__Stored data__.
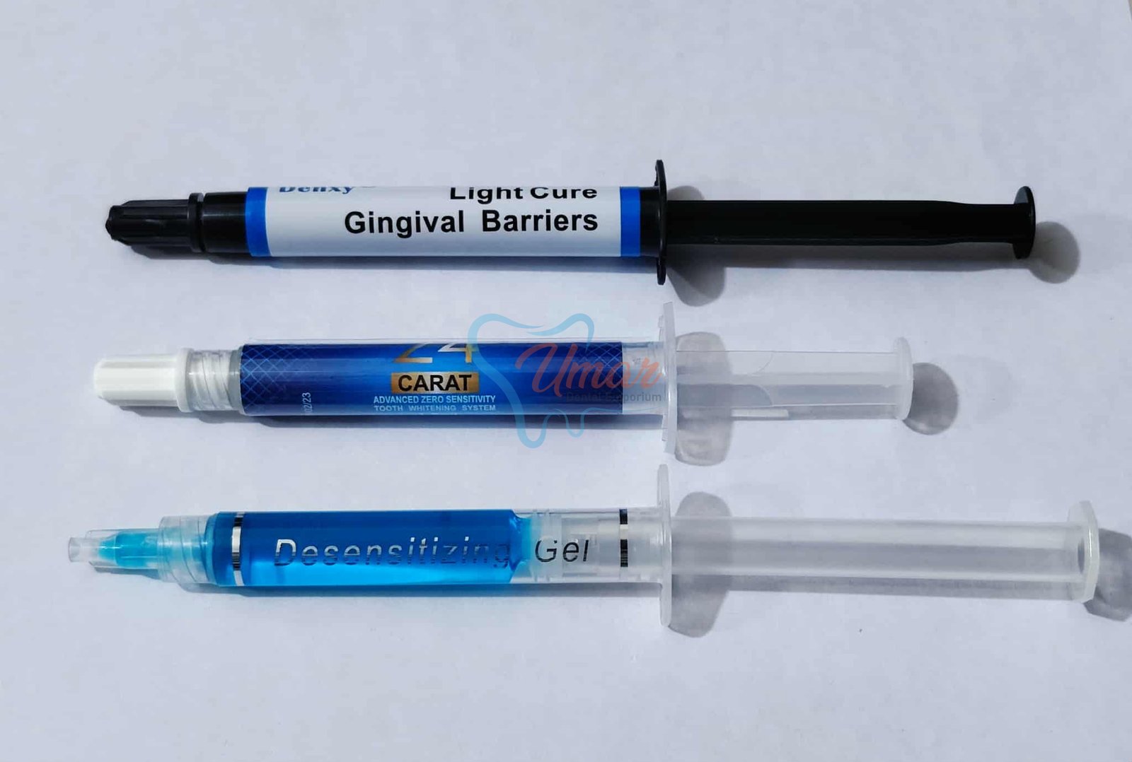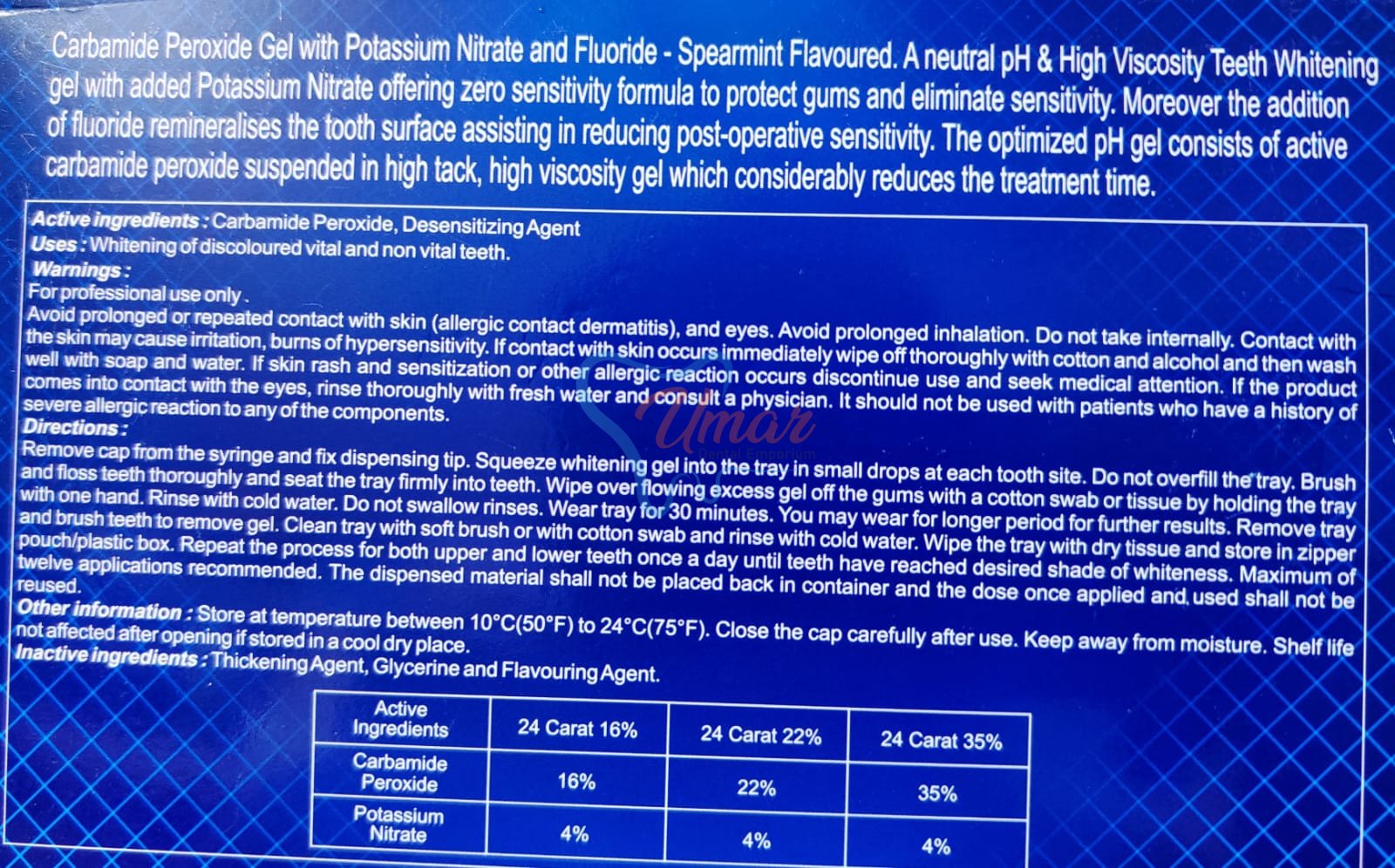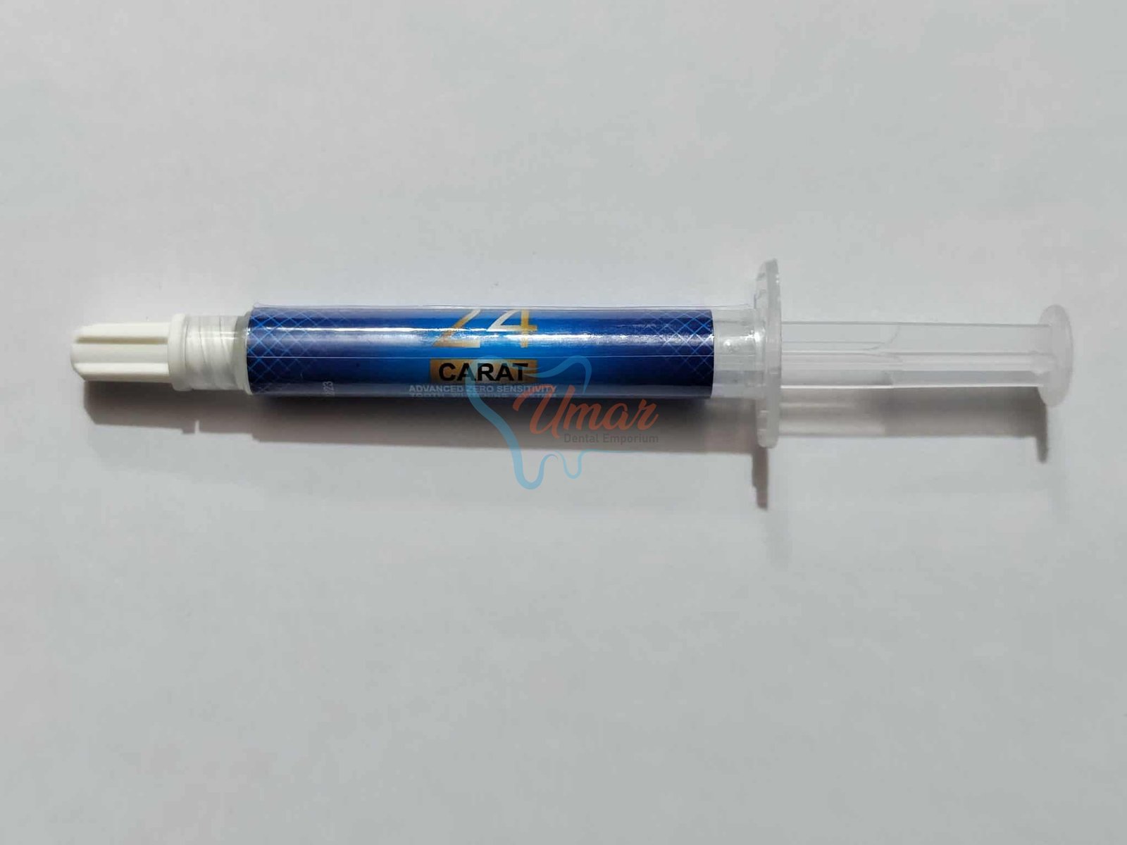 24 Carat is a revolutionary, state-of-the-art, teeth whitening gel. Its advanced zero sensitivity formula eliminates sensitivity. The optimized pH gel consists of the active carbamide peroxide-glycerine combination suspended in a high tack, high viscosity gel which considerably reduces the treatment time.
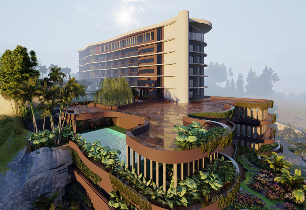 The five star Eco-hotel is a conceptual proposal in a remote hilly region near Calicut airport.
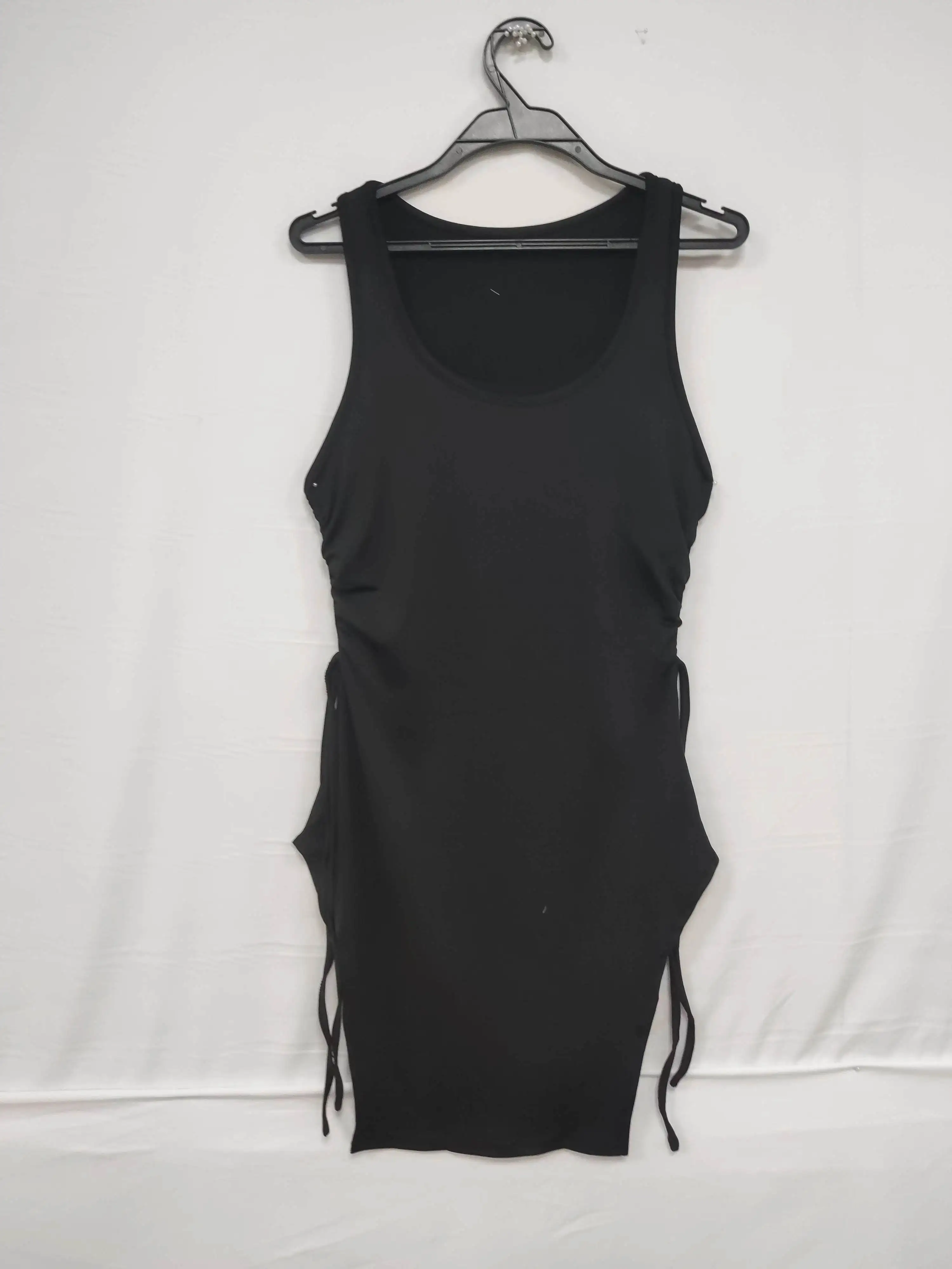 Home/Brand Fashion/Mini Dress Spring Summer Women Black Sleeveless Round Neck Ruched Side Bodycon Sexy Chic Date Party Dress
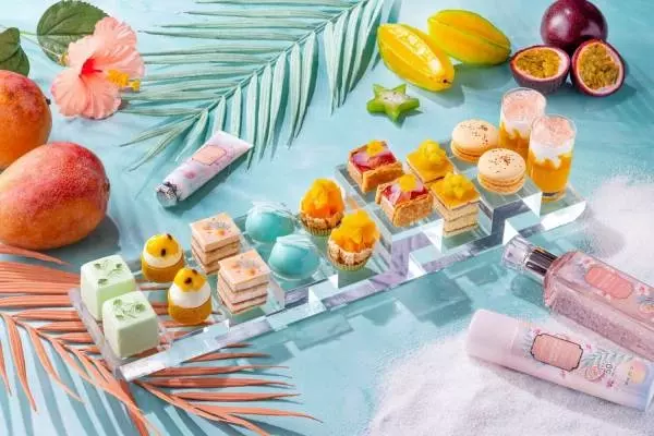 第1弾は、ジルスチュアートビューティーが6月16日(金)に発売する“マンゴー&パッション ホワイトフローラル”の香りをコンセプトにしたアフタヌーンティー「アーリーサマー・アフタヌーンティー インスパイアード by ジルスチュアート」を提案。マンゴーパッションタルトやピンクグレープフルーツマカロンなど、甘く熟れた南国の果実を思う存分楽しめるジューシーなスイーツがラインナップする。

__Exercise brief__. Repeat the exact lines from the first line of the data through the line containing "Home/Brand Fashion/Mini Dress". Nothing else, no pictures.

__Result of the task__.
 24 Carat is a revolutionary, state-of-the-art, teeth whitening gel. Its advanced zero sensitivity formula eliminates sensitivity. The optimized pH gel consists of the active carbamide peroxide-glycerine combination suspended in a high tack, high viscosity gel which considerably reduces the treatment time.
 The five star Eco-hotel is a conceptual proposal in a remote hilly region near Calicut airport.
 Home/Brand Fashion/Mini Dress Spring Summer Women Black Sleeveless Round Neck Ruched Side Bodycon Sexy Chic Date Party Dress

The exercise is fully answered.